In today’s day and age, fields of inquiry are becoming more and more interdisciplinary. It’s no surprise that this principle extends to neuroscience and data science. In the past few years, the two fields have come to inform one another. Recent advances in neuroscience, including international research into brain mapping and the decoding of brain signals, can be tied to neuroscientists’ increasing use of data science-based methodology to understand their field better. These are how machine learning helps us better understand how the brain works and what this kind of knowledge may lead to in the future.
For the past decade, neuroscientists have taken on the ambitious project of mapping neural connections in the brain. This project is called The Connectome and aims to map the brain to understand the living brain’s functionalities better.
A recent study conducted by researchers at the Onikawa Institute of Science and Technology (OIST) Graduate University using machine learning techniques has led to a breakthrough in the Connectome Project. The method: “Magnetic Resonance Imaging (MRI)-based fiber tracking.” This type of tracking uses the diffusion of water molecules in the brain to map neural connections. The distribution of water molecules creates a trail, which allows neuroscientists to trace connections in the brain.

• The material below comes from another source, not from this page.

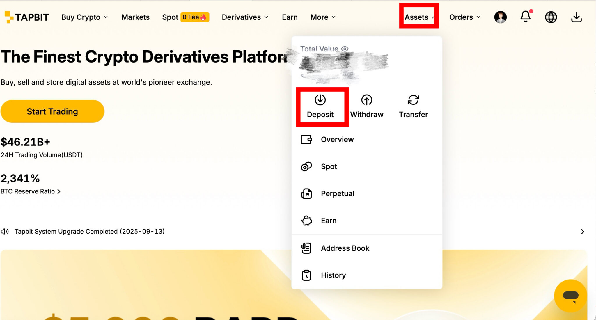 Log in to your Tapbit account on your desktop or mobile app. In the top right corner of the main dashboard, hover over the [Assets] tab, and select [Deposit] from the dropdown menu.

Previously, researchers tracked nerve cell fibers in animal experiments using marmosets. This method involves injecting a fluorescent tracing into multiple brain locations to create an image where various nerve fibers are located. However, this was a practice that could not ethically be used on humans, as it involved complete dissection of the brain–and hundreds of brain slices, at that.
Neuroscientists speculate that diffusion MRI-based fiber tracking can be used to map the whole human brain and pinpoint the differences between a healthy and diseased brain. This may lead to a better understanding of treating disorders such as Parkinson’s and Alzheimer’s.
In addition to ethical concerns of tracking nerve cell fibers, there were issues of convenience and efficiency. The results of this now outdated method were not wholly accurate and could not necessarily detect neurons that extend to the farthest corners of the brain. So, researchers had to set specific parameters.
Instead of manually setting parameter combinations, researchers can now use machine intelligence to work for them. Using the fluorescent tracer and MRI data from ten different marmoset brains, the OIST researchers were able to test their algorithms against machine-learned algorithms. The researchers found that the machine-generated algorithm had the optimized parameters for their data sets. The researchers were able to generate a more accurate connectome in the marmoset brain.
The reason for this accuracy is that machine learning can recognize patterns hidden in complex data, which is neuroscientists’ primary concern. Even when they can gather data sets, interpreting the results of studies can be difficult, almost impossible, without algorithms such as the ones derived in data science.
Using the algorithms described above, researchers can construct hierarchical models. A hierarchical model in data science is a model that builds on itself in exponentially increasingly sophisticated layers. Though they belong to data science, hierarchical models apply to neuroscience because they conceptualize the hierarchy of brain cognition. This means that they can be implemented in the study of the human cortex and may be observable through functional Magnetic Resonance Imaging (fMRI).
One type of hierarchical model that researchers have hypothesized to be useful is the Gaussian Filter Model, a non-uniform low pass filter used to reduce noise in imaging. It essentially creates a blur that eliminates unnecessary detail in a scanned image. By reducing this noise, neuroscientists can see the picture and identify only the essential and relevant data.
Neuroscientists can decode brain signals with a technology called Brain-Computer Interface, or BCI. BCI refers to a wired communication pathway between the brain and an external device such as a wheelchair.
Neuroscientists using BCI face three main challenges: calibration, low classification, and inadequate generalization limit. In the past few years, deep learning techniques have been combatting this.
Calibration is a challenge because of the signal-to-noise ratio (SNR) discussed in the Gaussian Filter Model. Often, there is a level of noise that inevitably obscures the signals researchers are testing for. This leads to inaccuracies and loss of important information when there is an attempt to filter out the noise. Noise is any brain signal corrupted by either spontaneous features of the person being studied (blinks, concentration level, etc.) or the environment (temperature, environmental noise, etc.). Researchers can use deep learning to distinguish features from this spontaneous and involuntary noise.
As for poor generalization, a machine is only as useful as the human knowledge behind it. You could decode algorithms all day, but the data is useless if you can’t conclude from the decoded data. On the other hand, deep learning can detect patterns and draw conclusions that would be nigh impossible to do manually.
Though it isn’t perfect, deep learning allows neuroscientists to conclude they likely could not come to otherwise. Deep understanding is the most accurate method researchers currently have for studying brain signals and has been applied to models like an electroencephalogram (EEG), event-related potential (ERP), and fMRI.
To summarize, the three advantages of deep learning in BCI research are the following:
The brain is often referred to as the “final frontier,” and we are only now just beginning to decode its mysteries for a good reason. The brain may be the key to understanding our environment in the most sophisticated way; the key to unlocking that information? Data science and deep learning.